No answer, Mot hopping from rock to rock and sitting down on the brink staring into the well of churning-up steam. “What's the matter with you! Come back up here!”

And quietly from Claudia, “Leave him alone. He's annoyed.”

All of it drifting inch by inch, moment by moment, into the other gorge, chasm, abyss, unacknowledged but noted by some of the canny fledgling senses, his certainly and possibly hers.

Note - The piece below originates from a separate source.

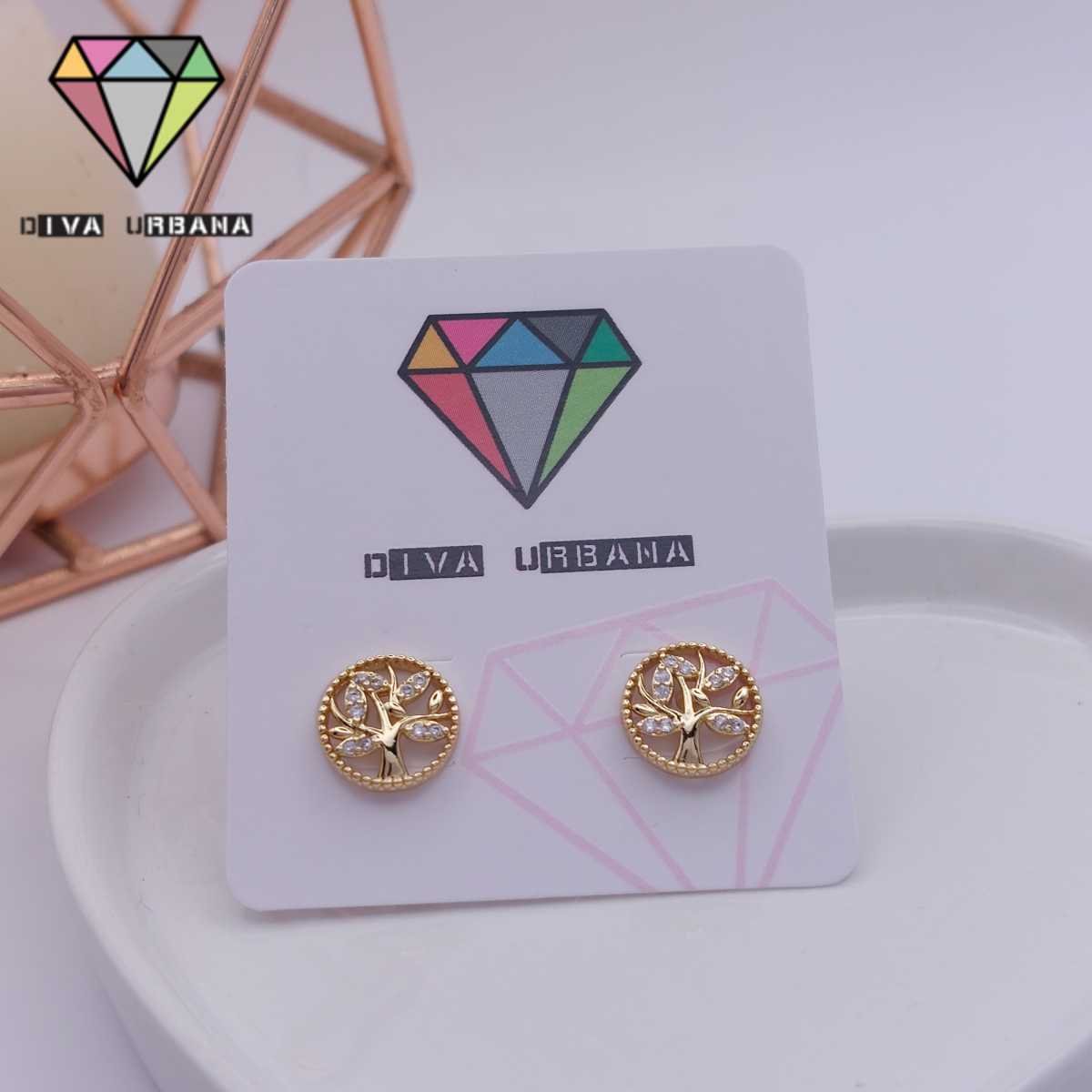 B5974 BRINCO PINO ARVORE REDONDO CRAV ZIRC CRISTAL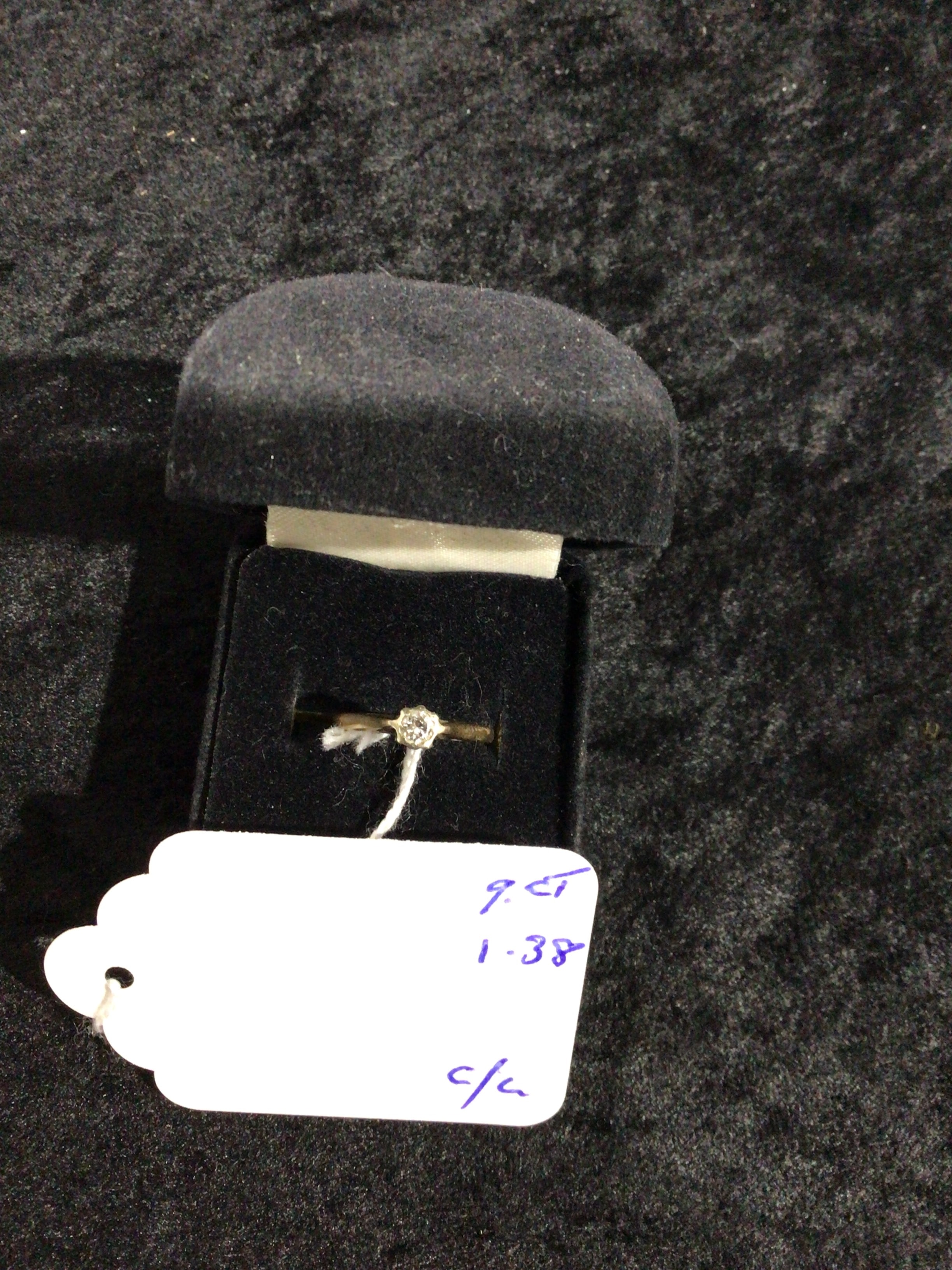 A gold 9ct gold ring featuring a clear/white diamond stone, presented in an open black velvet box.

“Mot has to go to Asheville in the morning,” one afternoon, August, the summer all but gone.

“You are going too?”

“Spend the day in Asheville? Mercy on us!” Creating a day between them, Elysian, halcyon, beatific, if he hadn't been afraid of deflating it with a word—wading in a swift river at a spot she knew, skirt in her forearms, white legs turning pink in the mountain water, the pink making colored stockings to where it ended; a movement at a corner of his eye and a pale thread looping out beyond a bend as a fisherman in glistening boots followed his casts upstream, so intent on picking his target, aiming, casting his line they escaped to the bank unseen, escaped to a grass-covered shelf on the bank and lay motionless while he passed beyond the overhanging limbs, beyond their laughs smothered in each other's hands, each other's mouths. Then, “I love you, Eddie. What are we going to do?” (Do?—He loved two women, level on his balances, as an ounce of civet balanced an ounce of musk. Choose one over the other? morning over afternoon? April over May? And then watching those questions changing like clouds before a wind, changing their brightness into, for him, disquieting shapes and shadows: the ambiguity of her knowing the spot already—the seclusion, the shelf—germinating in his mind, and one season, months away, in its own good time, pushing a soft green shoot of distrust up through his beatitude.)